Можно выделить несколько типов вдохновения, переходящих один в другой, как и все в этом нашем текучем и занимательном мире, и все же не без изящества поддающихся подобию классификации. Приуготовительное мреяние, не лишенное сходства с некой благодатной разновидностью ауры, предваряющей эпилептический припадок, — вот явление, которое художник научается воспринимать в самом начале своей жизни. Это ощущение щекотной благодати ветвится, пронизывая его, словно красные с синим прожилки на изображении освежеванного человека в статье «Кровообращение». Распространяясь, оно изгоняет всякое осознание телесного неустройства — от юношеской зубной боли до старческой невралгии. Красота его в том, что, будучи явственно различимым (как если б оно было связано с известной железой или вело к ожидаемой кульминации), оно не имеет ни источника, ни цели. Оно расширяется, разгорается и стихает, не приоткрыв своей тайны. А между тем распахивается окно, задувает утренний ветерок, зудит каждый обнаженный нерв. Но вот все исчезает, возвращаются привычные заботы, дуга боли вновь прорисовывается на лбу; однако художник знает, что он готов.

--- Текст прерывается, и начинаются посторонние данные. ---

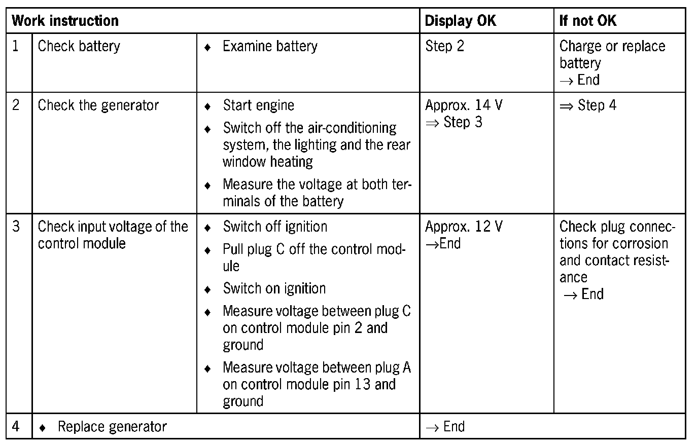 - Supply voltage less than 8.5 V or greater than 16 V during activation. Battery discharged or generator defective.

Проходит несколько дней. Следующая стадия вдохновения есть нечто пылко предвкушаемое — и теперь уже не анонимное. И в самом деле, очерк нового приступа столь определенен, что мне придется оставить метафоры и прибегнуть к конкретной терминологии. Рассказчик предчувствует, что ему предстоит рассказать. Предчувствие мы можем определить как мгновенное видение, обращающееся в стремительную речь. Если бы существовал прибор, способный отобразить это редкостное, упоительное явление, зрительная составляющая представилась бы нам переливчатым блеском точных деталей, а речевая — чехардой сливающихся слов. Опытный автор тут же их и записывает, и делая это, преобразует то, что было ненамного большим мутного мелькания медленно проступающего смысла, в эпитеты и в построение фраз, приобретающих те же ясность и четкость, какие свойственны им на печатной странице:
Море, бьющее и отступающее с шелестом гальки, Гуан и прелестная молодая блудница — какое имя ему назвали, Адора? кто она — итальянка, румынка, ирландка? — уснувшая у него на коленях, накрытая его оперным плащом, свеча, чадящая в цинковой плошке на подоконнике рядом с обернутым в бумагу букетом длинностебельных роз, его цилиндр на каменном полу, рядом с лунным пятном, — все это в углу обветшалого, некогда походившего на дворец веселого дома, Виллы Венус, на скалистом берегу Средиземного моря, за приотворенной дверью виднеется нечто схожее с освещенной луной галереей, на деле же — полуразрушенная гостиная с обвалившейся наружной стеной, за огромным проломом которой уныло ухает и уходит, клацая мокрой галькой, голое море, будто вздохи разлученного с временем пространства.
Это я набросал как-то утром, в самом конце 1965 года, месяца за два до того, как началось теченье романа. То, что я здесь привел, это его первый спазм, странное ядро книги, которой предстояло нарастать вкруг него в ходе трех последующих лет. Большая часть разросшейся ткани явственно отличается окраской и освещением от этой предугаданной сцены, чья структурная центральность, однако же, подчеркнута, со своего рода приятной опрятностью, тем, что ныне она существует в виде вставной сцены, помещенной в самую середину романа (вначале получившего название «Вилла Венус», затем «Вины», затем «Страсть» и наконец «Ада»).